Earlier this year I attended a performance Matthew Bourne’s Cinderella, and it was fantastic. I have been a huge fan of Matthew Borne and his ballet company New Adventures since I saw their production of Sleeping Beauty on tour in 2013, and The Red Shoes in 2017. Matthew Bourne’s productions are known to feature avant-garde storylines, in the case of Cinderella, the fairy tale is set in London during WWII.

The LA Times describes Bourne’s version as a “Valentine to the power of love,” but the real power behind the show is the darkness surrounding the central figures in the story. Sergei Prokofiev’s score was written during WWII, so setting the story in 1940’s London fits perfectly. The audience is dropped straight in the time period by the sounds of airplanes over head before the show starts, and a news real that opens the show reminds show goers and the actors on stage of the perils ordinary citizens faces during the time.

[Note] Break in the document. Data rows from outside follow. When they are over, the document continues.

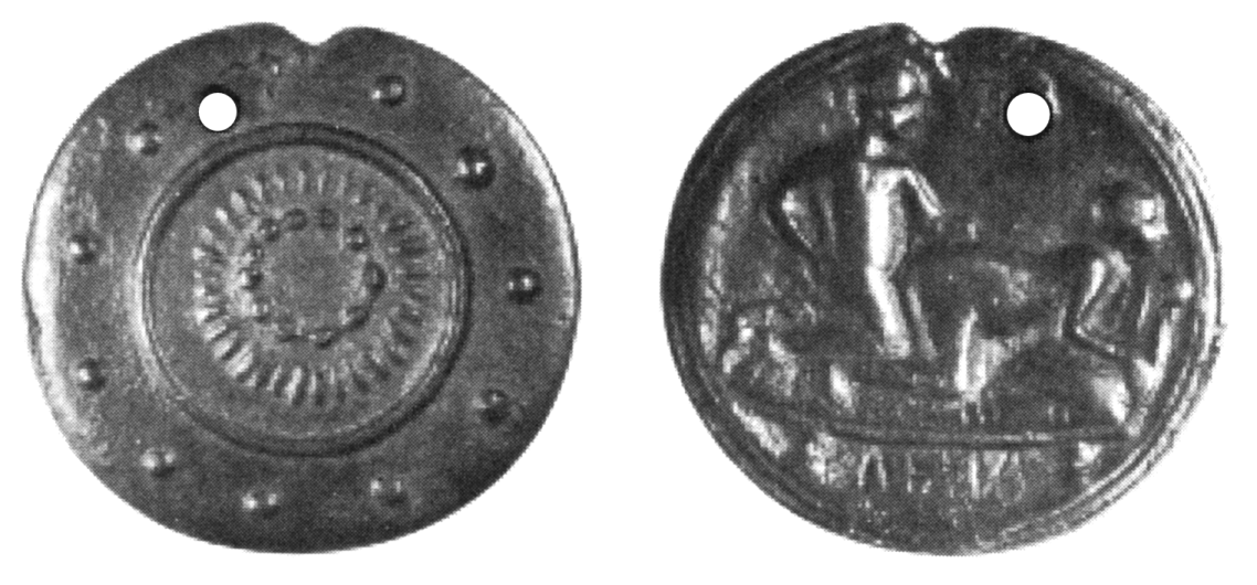 A locket found in Thailen, Saarland, Germany. An expertise by the institute for ancient history of the Saarland University from 1978 identifies it as part of a roman lamp, yet very similar to a so-called spintria, dating back to the 3rd quarter of the 3rd century AD. An earlier expertise from the late sixties stated the locket was a spintria from the 2nd century AD.
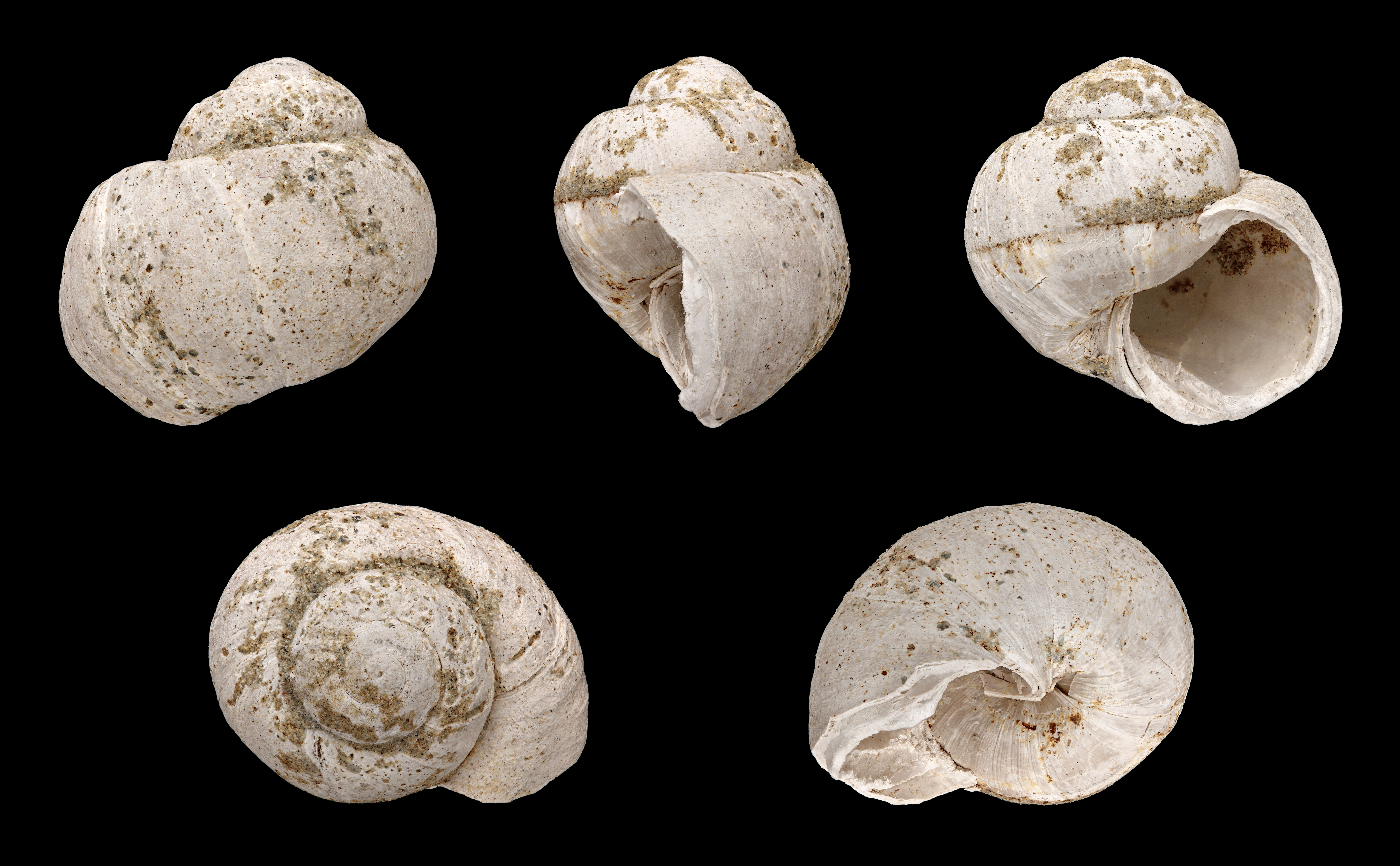 Diameter 1.9 cm; Miocene, Fresh / brackish water Molasse; Unterkirchberg near Ulm, Germany; Shell of own collection, therefore not geocoded.
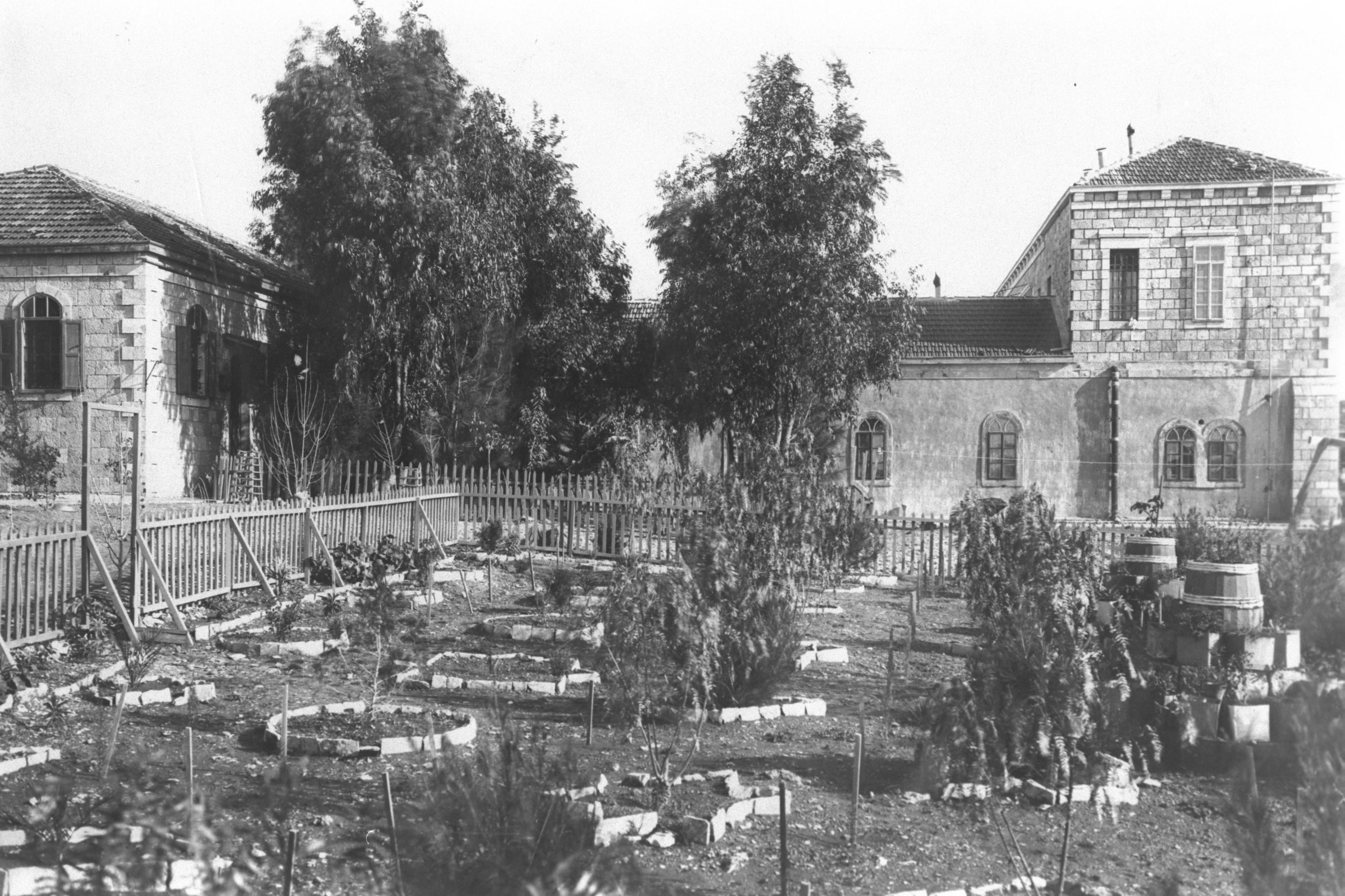 THE OLD AGE HOME ON JAFFA STREET IN JERUSALEM DURING THE OTTOMAN ERA IN THE LAND OF ISRAEL. צילום בתי מושב זקנים וזקנות ברחוב יפו בירושלים, בתקופה העותומנית בארץ ישראל.
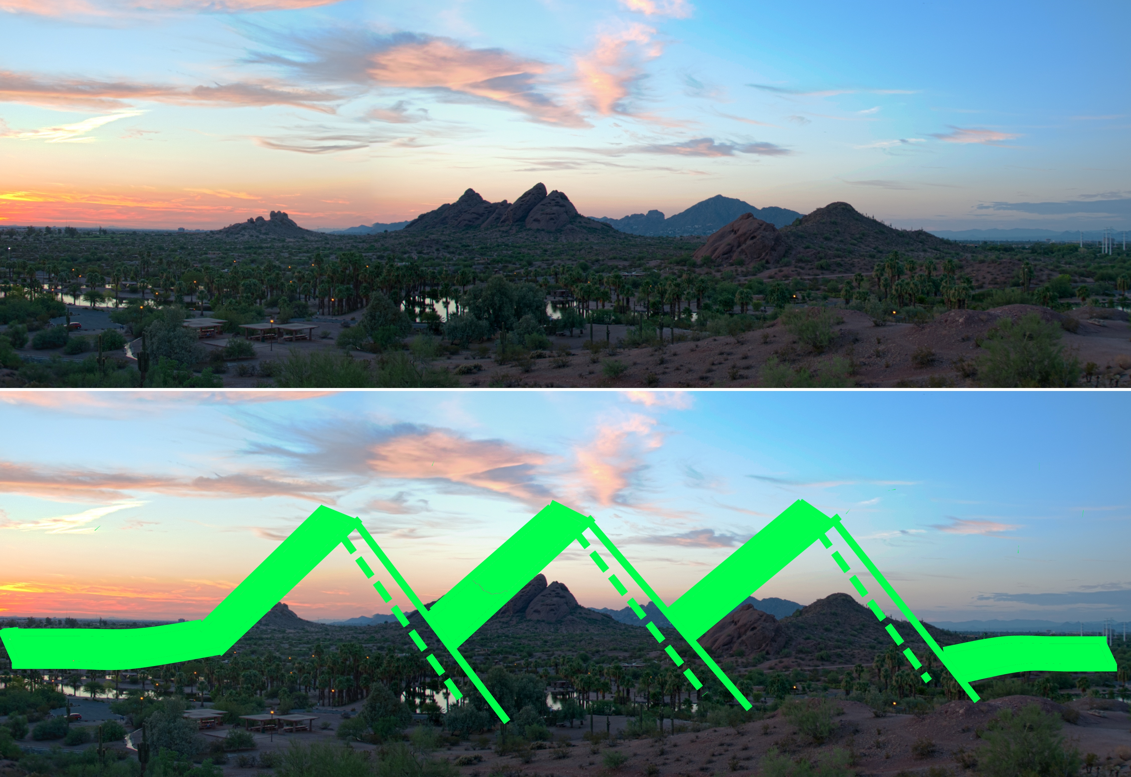 Tilted fault blocks illustrated with feature reconstruction
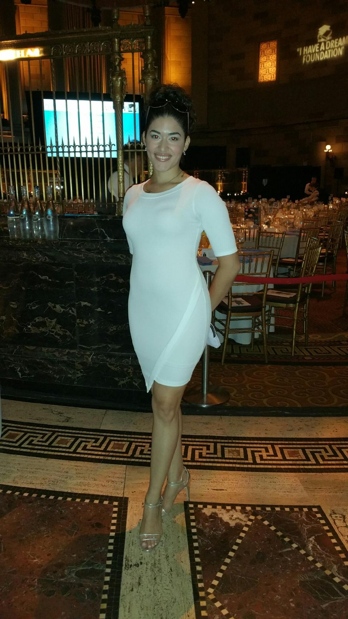 Stephanie Andujar at the Spirit of the Dream Gala at Gotham Hall in New York City.
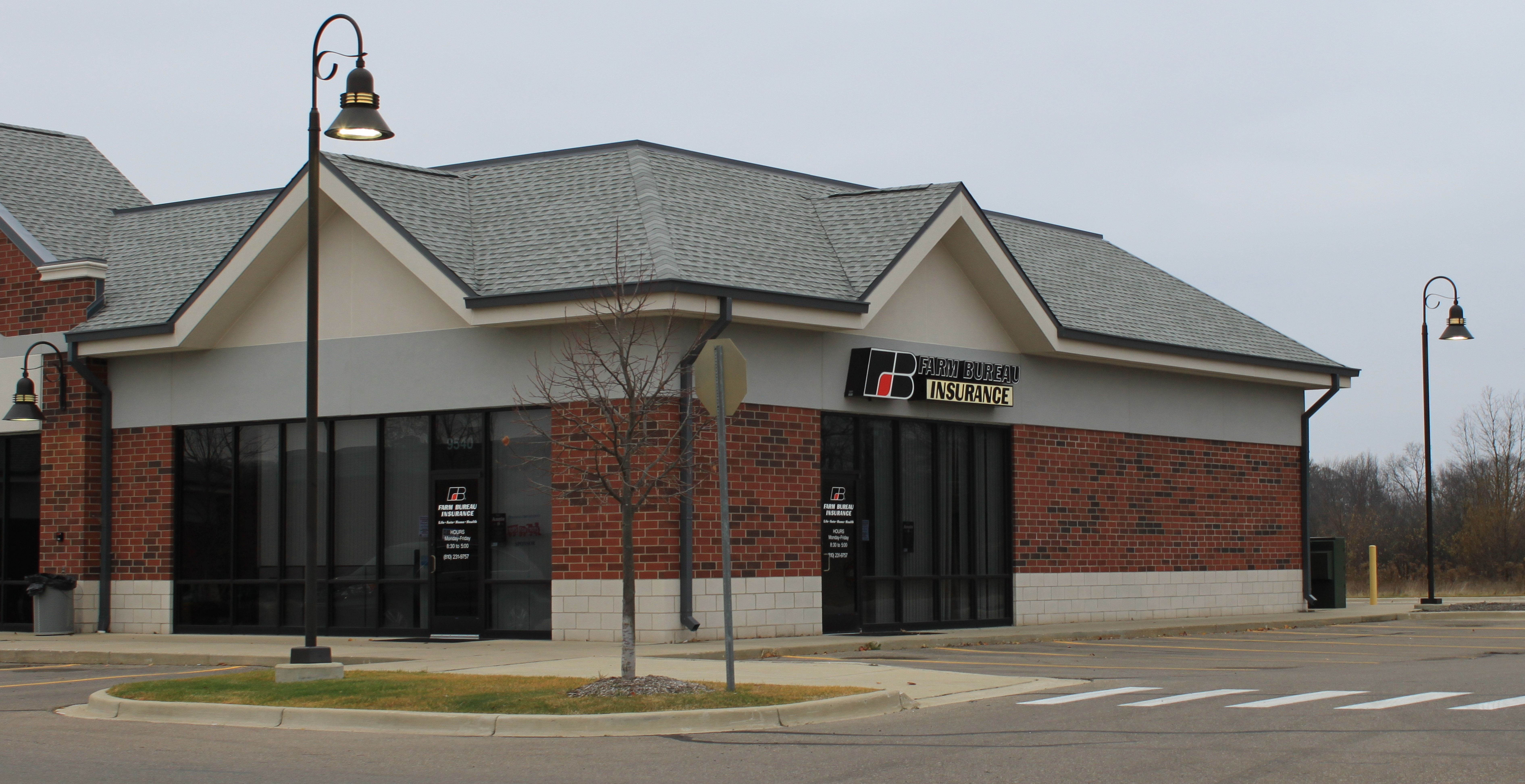 Farm Bureau Insurance office, 9540 Chilson Commons Circle, Pinckney, Michigan
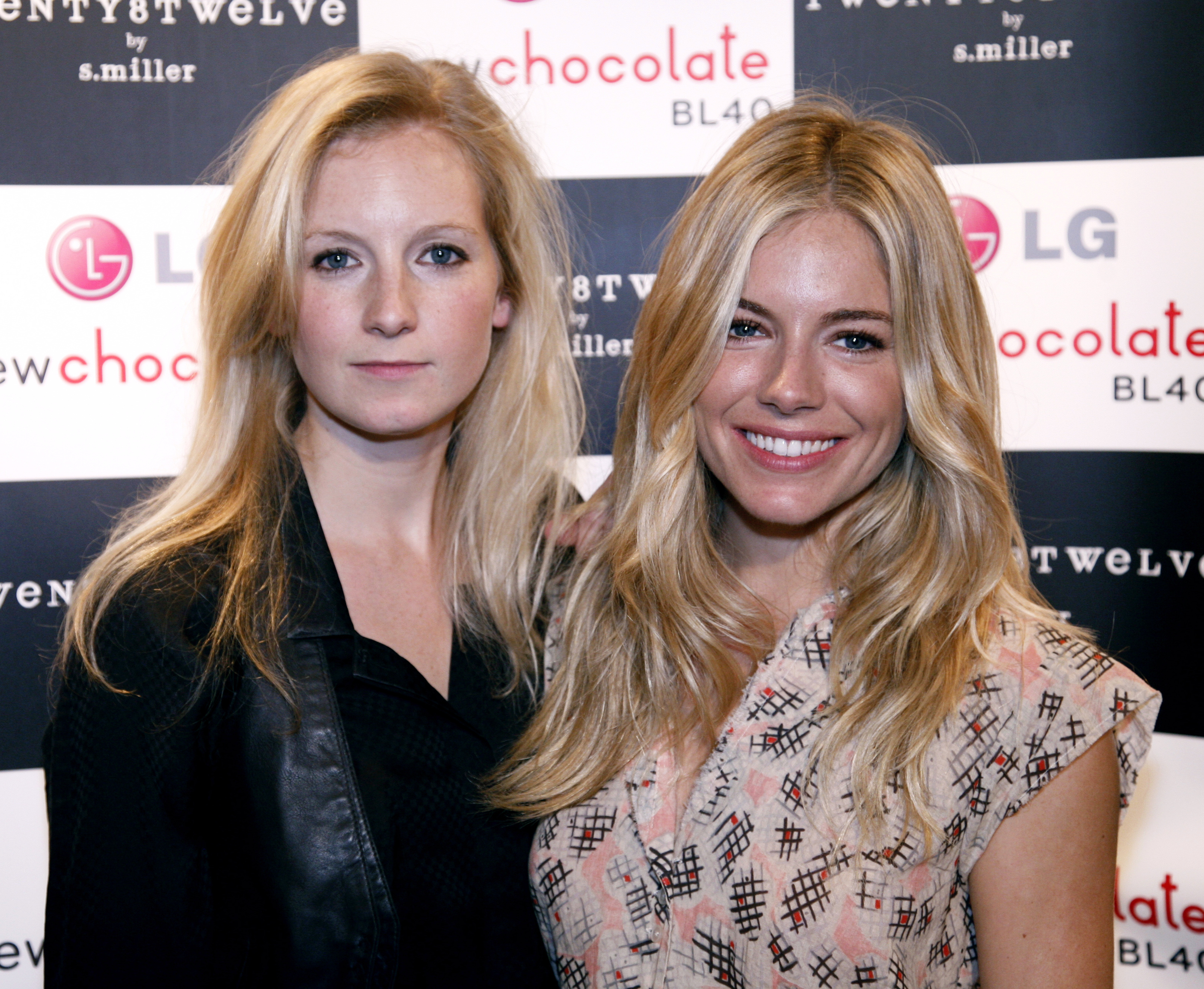 Sienna Miller (right) and her sister Savannah back stage at the Twenty8Twelve show.
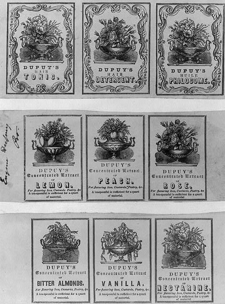 Nine advertisement labels for Dupuy products. Advertisements for hair tonic, hair detergent, huile philocome, six flavors of concentrated extract.
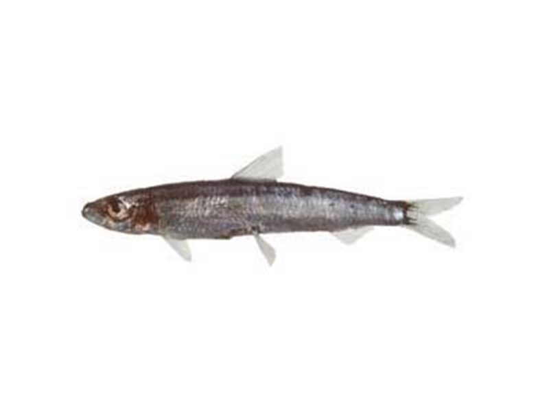 Spratelloides robustus in a white background
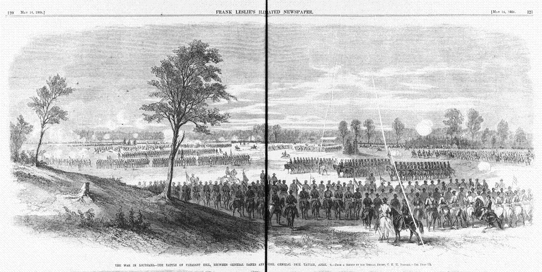 Battle of Pleasant Hill, 9 April 1864, by Charles E. H. Bonwell (or Bonwill), as illustrated in Frank Leslie's illustrated newspaper (Frank Leslie's Weekly), 14 May 1864, pp. 120-121. Image cropped from: The Library of Congress Website (Digital Collections) - CALL NUMBER: Illus. in AP2.L52 Case Y [P&P.]. Charles E. H. Bonwell, the Artist, was born c.1836. Frank Leslie died 1880. Other description: The war in Louisiana--the Battle of Pleasant Hill, between General Banks and the rebel General Dick Taylor, April 9 / from a sketch by our special artist, C. E. H. Bonwell. RIGHTS INFORMATION: No known restrictions on publication. MEDIUM: 1 print : wood engraving.
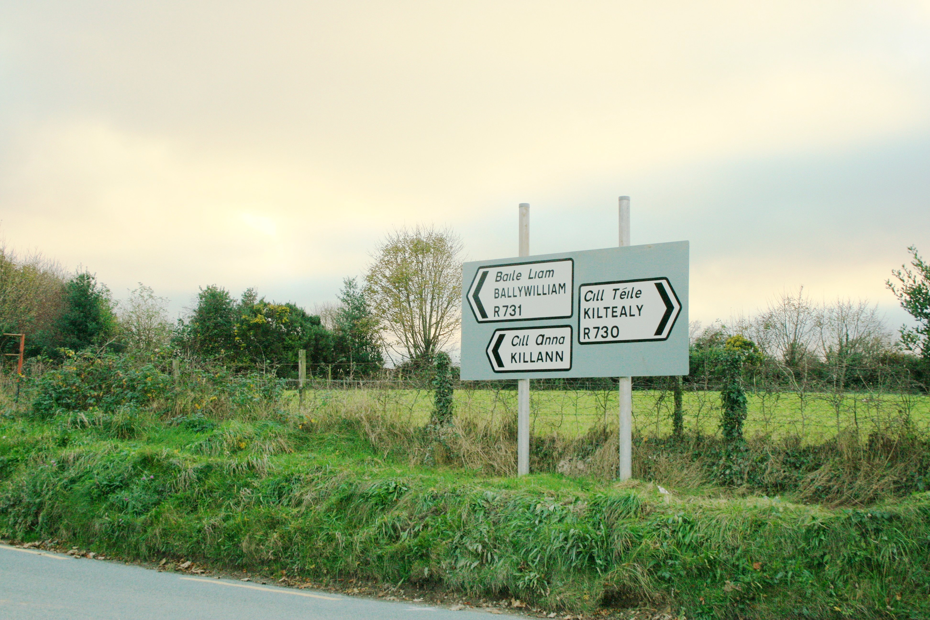 Where the R730 and the R731 meet in County Wexford, Ireland

Sounds of anti-aircraft fire and exploding shells pepper the score though out the film. Bourne chooses to set the fairy tale’s ball at the Café du Paris, which was destroyed by German bombs in 1941. Cinderella and her prince get their happy ending, but as Judith Mackrell  with The Guardian notes, “Bourne is reminding us that darkness always surrounds the stars.”

6 Comments

  1. I just finished Vonnegut’s Bluebeard. I don’t think anything else I’ve read has captured the impact that war had on average soldiers as they attempted to live the rest of their lives.

    Liked by 1 person

    • The prince in this version is an injured RAF pilot, and he loses Cinderella on the streets of London during the blitz. It’s actually one of the saddest scenes I’ve seen in a ballet.